The key question for global exchange-traded investors is this: will the current financial turmoil over time work itself out or will it spread to the real economy leading to a global economic slowdown or worse a global recession. If it is the former, I say start building positions in cheap ETFs like the Netherlands (NYSEARCA:EWN) which is trading at an incredible nine times earnings. If it is the latter, best to keep your powder dry.
Global economic growth is still robust with the IMF forecasting global growth of 3.4 per cent for this year. But will this forecast hold up if financial problems eventually impact economic growth as they did following the bursting of the tech bubble in 2000?
The Financial Times points out two ways that financial problems could hurt the real economy. The first is consumption. Across the world, household spending has been supported by both property and equity prices. If the US housing slump deepens and markets continue to be weak, consumption growth will slow. Home Depot's and Wal-Mart’s gloomy outlook plus weak auto sales are worrying trends. In turn, many emerging economies, including China, are still to some degree tied to American and European consumers.

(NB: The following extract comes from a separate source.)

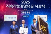 [서울타임즈뉴스 = 최남주 기자] KB금융그룹은 16일 산업통상부와 중소벤처기업부가 주최하고 한국생산성본부가 주관한 ‘2025 지속가능경영유공 정부포상’에서 종합 ESG 부문 최고 등급인 대통령 표창을 수상했다고 17일 밝혔다. 지속가능경영유공 정부포상은 지속가능경영을 통해 산업 경쟁력 강화와 사회적 가치 창출에 기여한 기업과 단체를 선정하는 ESG 분야 국내 유일의 정부포상이다. KB금융은 이번 수상을 통해 국내 최고 수준의 ESG 경영 역량을 공식적으로 인정받았다. KB금융은 환경·사회·지배구조 전 영역에서 실질적인 성과를 창출해온 점에서 높은 평가를 받았다. 환경 부문에서는 그룹 중장기 탄소중립 전략인 ‘Net Zero S.T.A.R.’를 통해 2030년까지 온실가스 배출량 42% 감축 목표를 수립하고, 저탄소 사회 전환을 위한 실행력을 강화하고 있다. 또 ‘KB Green Wave 2030’ 전략을 바탕으로 33조2000억원 규모의 ESG 금융을 공급하며 기업들의 에너지 전환과 기후 리스크 대응을 적극 지원하고 있다. 사회 부문에서는 미래세대 보호와 지역사회 자립을 위한 포용적 금융 활동이 주목받았다. KB금융은 보건복지부와 협력해 아동 야간 돌봄 공

In addition, there is the negative effect of rising borrowing costs on companies’ capital spending and hiring. Global business spending has been supported by record cash flows, as well as by debt-funded investment. While expenditures in these areas may slow gradually as companies adapt to the new environment, there is already some evidence that software and equipment spending is softening in the US. Employment would also be dealt a blow and this, in turn, would hit consumption consumption as the level of employment is closely linked to real disposable income growth.
Watch for signs that highlight what is happening to the real economy: jobs, spending and capital expenditures, and act accordingly to position your ETF portfolio.